Problem requirements:
Please print exactly the lines from the one containing "目録を受け取る池田小学校長" through the last line of the records, and only those. Leave out any pictures.

**** Records

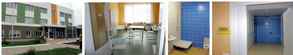
Здание, палата, санузел и душевая в новом корпусе Потаповского интерната

В новом корпусе есть гостиная с уютными диванами, буфетная, тренажерный зал и даже собственные парикмахерская и пекарня.
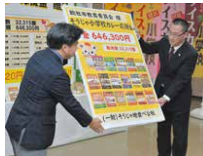
目録を受け取る池田小学校長

2月3日、総合福祉センターでそうじゃ小学校カレー応援金贈呈式が行われました。市内の小学校や地域の関係者ら約40人が出席。昨年の売り上げ個数3万2315個に対して、1個当たり20円の応援金を各校園へ贈呈しました。
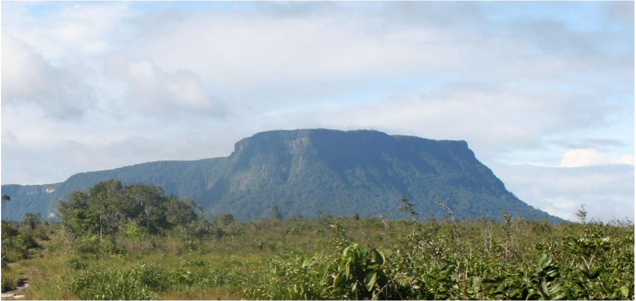
Het Tafelberg natuurreservaat
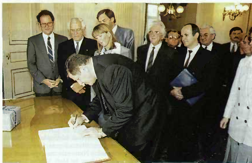
Le Premier Ministre de la République slovaque signe le livre d'or de la Ville de Luxembourg
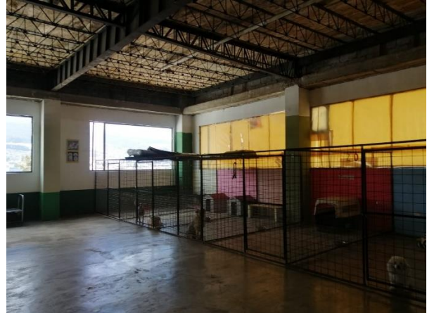
Fotografía 16. Cuarta planta – Albergue de perros en situación de calle
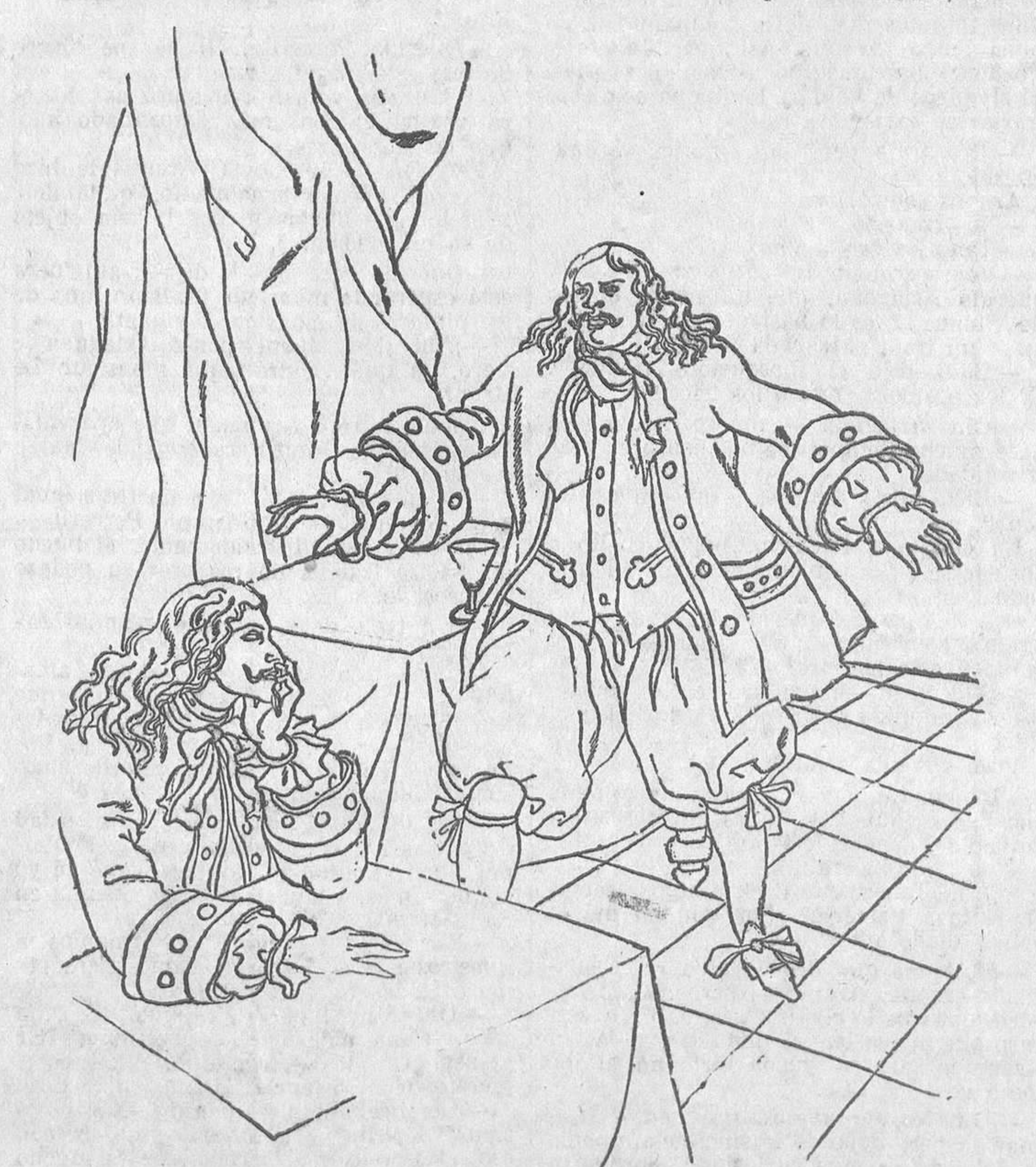
— Me parece que empezáis a comprender, monsieur de Baiseameaux

—Pues entonces, señor barón, estrenaréis nuestro nuevo método. —Pero ¿cómo diablos se arreglan?—preguntó Porthos entusiasmado. —¡Caballero!—respondió Molière, incli-

********

Expected output:
目録を受け取る池田小学校長

2月3日、総合福祉センターでそうじゃ小学校カレー応援金贈呈式が行われました。市内の小学校や地域の関係者ら約40人が出席。昨年の売り上げ個数3万2315個に対して、1個当たり20円の応援金を各校園へ贈呈しました。
Het Tafelberg natuurreservaat
Le Premier Ministre de la République slovaque signe le livre d'or de la Ville de Luxembourg
Fotografía 16. Cuarta planta – Albergue de perros en situación de calle
— Me parece que empezáis a comprender, monsieur de Baiseameaux

—Pues entonces, señor barón, estrenaréis nuestro nuevo método. —Pero ¿cómo diablos se arreglan?—preguntó Porthos entusiasmado. —¡Caballero!—respondió Molière, incli-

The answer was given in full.